Het antwoord van Simea:

Het is aan het samenwerkingsverband om te bepalen welke scholen zij geschikt vinden voor leerlingen met ondersteuningsvragen. Sommige samenwerkingsverbanden vinden dat leerlingen zoveel mogelijk op de basisschool moeten blijven, andere samenwerkingsverbanden maken de keus om kinderen met ondersteuningsvragen op SBO locaties op te vangen omdat daar meer ondersteuning voor handen is. Als je bedoeld dat de leerlingen op een lager niveau onderwijs krijgen dan ouders passend vinden, is het aan de ouders om het niet eens te zijn met de school over het OPP van hun kind. Scholen kunnen consultatie en advies aanvragen bij de instelling om na te gaan hoe de leerling het beste te ondersteunen is en welke extra ondersteuning er vanuit het samenwerkingsverband gegeven kan worden. De medewerker van de instelling kan altijd vinden, op grond van de ernst van de onderwijsbehoefte en de grote ondersteuningsvragen van de school of er niet toch meer inzet vanuit de instelling gegeven zou moeten worden.

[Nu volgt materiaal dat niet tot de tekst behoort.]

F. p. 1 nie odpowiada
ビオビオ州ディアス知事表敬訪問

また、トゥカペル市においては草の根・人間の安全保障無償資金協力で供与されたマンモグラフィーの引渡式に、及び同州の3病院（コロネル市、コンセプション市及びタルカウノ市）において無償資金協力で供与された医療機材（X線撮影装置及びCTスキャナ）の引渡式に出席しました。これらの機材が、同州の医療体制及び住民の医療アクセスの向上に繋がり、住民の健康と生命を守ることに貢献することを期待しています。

De instellingen hebben de criteria overgenomen zoals die golden tijdens het systeem van het rugzakje. In de veranderingen die er zijn doorgevoerd en de onduidelijkheden van passend onderwijs, had het wijzigen van criteria alleen nog maar meer verwarring opgeleverd. Nu er steeds meer en beter samen gekeken gaat worden naar wat heeft deze leerling nodig en wie kan dat het beste bieden…. Gaan we ook wel kijken naar onbedoelde effecten in de criteria. Zo zijn er recent al twee wijzigingen doorgevoerd. Voorlopig geldt de gang van zaken zoals ik hierboven heb aangegeven. 

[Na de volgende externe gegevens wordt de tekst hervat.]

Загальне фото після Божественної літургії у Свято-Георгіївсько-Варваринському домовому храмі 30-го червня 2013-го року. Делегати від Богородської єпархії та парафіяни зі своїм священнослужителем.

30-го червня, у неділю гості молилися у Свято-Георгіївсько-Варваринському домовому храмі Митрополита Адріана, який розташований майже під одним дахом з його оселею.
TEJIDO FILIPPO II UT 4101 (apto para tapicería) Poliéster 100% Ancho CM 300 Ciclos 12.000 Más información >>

Wat Margje in haar artikel al aangeeft is dat er zo weinig kennis is op reguliere scholen rondom slechthorendheid. Mijn vraag aan Simea ging dan voornamelijk over leerproblemen die kunnen ontstaan, maar er zijn nog zoveel meer dingen waar rekening mee gehouden moet worden. Door alleen naar een audiogram en een cito uitslag te kijken ga je daar helemaal aan voorbij. Maar het kan je schooltijd heel onaangenaam maken en je ontwikkeling schaden.